** Exercise data **
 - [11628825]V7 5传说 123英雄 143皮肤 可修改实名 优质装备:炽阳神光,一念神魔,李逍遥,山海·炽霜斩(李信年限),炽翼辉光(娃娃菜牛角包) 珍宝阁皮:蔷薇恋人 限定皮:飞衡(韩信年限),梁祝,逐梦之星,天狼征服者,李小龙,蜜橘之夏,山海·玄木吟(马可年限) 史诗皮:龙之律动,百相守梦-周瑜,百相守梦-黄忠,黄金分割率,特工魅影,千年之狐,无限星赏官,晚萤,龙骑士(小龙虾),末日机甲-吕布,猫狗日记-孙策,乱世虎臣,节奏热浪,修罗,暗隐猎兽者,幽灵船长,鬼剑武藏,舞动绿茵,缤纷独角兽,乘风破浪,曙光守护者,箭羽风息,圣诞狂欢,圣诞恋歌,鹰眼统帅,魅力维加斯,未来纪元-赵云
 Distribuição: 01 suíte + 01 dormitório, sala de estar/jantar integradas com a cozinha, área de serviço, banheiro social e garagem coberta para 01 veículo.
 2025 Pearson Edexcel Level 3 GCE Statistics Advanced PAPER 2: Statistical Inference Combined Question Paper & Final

** What the task asks **
Set down all the data exactly as given.

** Exercise result **
 - [11628825]V7 5传说 123英雄 143皮肤 可修改实名 优质装备:炽阳神光,一念神魔,李逍遥,山海·炽霜斩(李信年限),炽翼辉光(娃娃菜牛角包) 珍宝阁皮:蔷薇恋人 限定皮:飞衡(韩信年限),梁祝,逐梦之星,天狼征服者,李小龙,蜜橘之夏,山海·玄木吟(马可年限) 史诗皮:龙之律动,百相守梦-周瑜,百相守梦-黄忠,黄金分割率,特工魅影,千年之狐,无限星赏官,晚萤,龙骑士(小龙虾),末日机甲-吕布,猫狗日记-孙策,乱世虎臣,节奏热浪,修罗,暗隐猎兽者,幽灵船长,鬼剑武藏,舞动绿茵,缤纷独角兽,乘风破浪,曙光守护者,箭羽风息,圣诞狂欢,圣诞恋歌,鹰眼统帅,魅力维加斯,未来纪元-赵云
 Distribuição: 01 suíte + 01 dormitório, sala de estar/jantar integradas com a cozinha, área de serviço, banheiro social e garagem coberta para 01 veículo.
 2025 Pearson Edexcel Level 3 GCE Statistics Advanced PAPER 2: Statistical Inference Combined Question Paper & Final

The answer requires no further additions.